You could take a chance and run Spybot again and see if it freezes. Personally I would replace Spybot with SuperAntiSpyware which is more highly rated and less of a memory hog. To uninstall Spybot you first need to disable Teatimer.exe in the Task Manager.

 

[aero05]

Thanks Mark56. I will take your recommendation by removing Spybot and replacing it with SuperAntiSpyware.

Consider this one resolved and I'll repost if I run into problems down the road.

Thanks again for your help and quick responses... its is much appreciated!!!

 

[Mark56]

Your welcome and I'll keep my fingers crossed for you.

 

[jcv365]

ntkrnlpa.exe ntkrnlpa.exe+77766 BSOD

Hi,

Please can someone help me with my bsod.

My machine can't shutdown. I used blue screen viewer and found that the following files were causing it. I'm having trouble doing a bugcheck and finding out which drivers are causing this problem.

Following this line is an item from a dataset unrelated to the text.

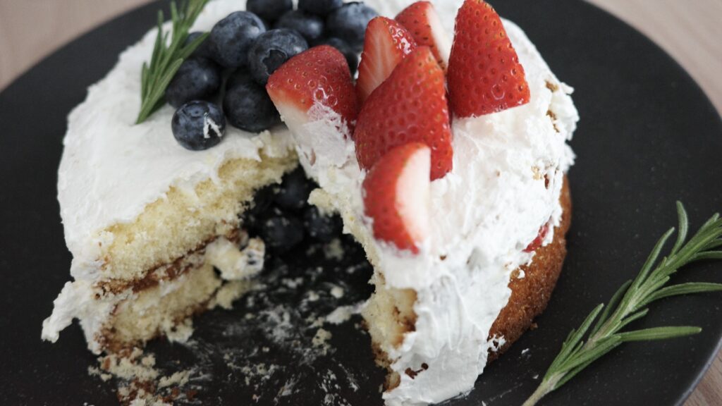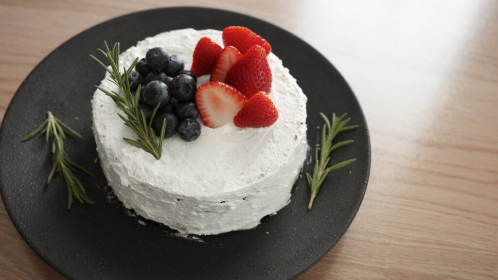 ジェンダーリビールケーキで中身に濃いめの色のフルーツを使う場合は、黒以外のお皿がおすすめです!私は黒のお皿に中身ブルーベリーだったのですが、少し分かりづらくなってしまいました。

halmacpi.dll halmacpi.dll+5b48 0x83802000 0x83839000 0x00037000 0x4ce788d2 2010/11/20 10:37:38 Microsoft® Windows® Operating System Hardware Abstraction Layer DLL 6.1.7601.17514 (win7sp1_rtm.101119-1850) Microsoft Corporation C:\Windows\system32\halmacpi.dll
ntkrnlpa.exe ntkrnlpa.exe+77766 0x83839000 0x83c4b000 0x00412000 0x4e02a389 2011/06/23 04:23:05 Microsoft® Windows® Operating System NT Kernel & System 6.1.7601.17640 (win7sp1_gdr.110622-1506) Microsoft Corporation C:\Windows\system32\ntkrnlpa.exe


Please can someone help me as this is really frustrating.

 

[jcv365]

Minidump

Here is the minidumps for my crash. Please your help is much appreciated.

 

[Mark56]

jcv365, please read the site rules, you must start your own thread to get assistance.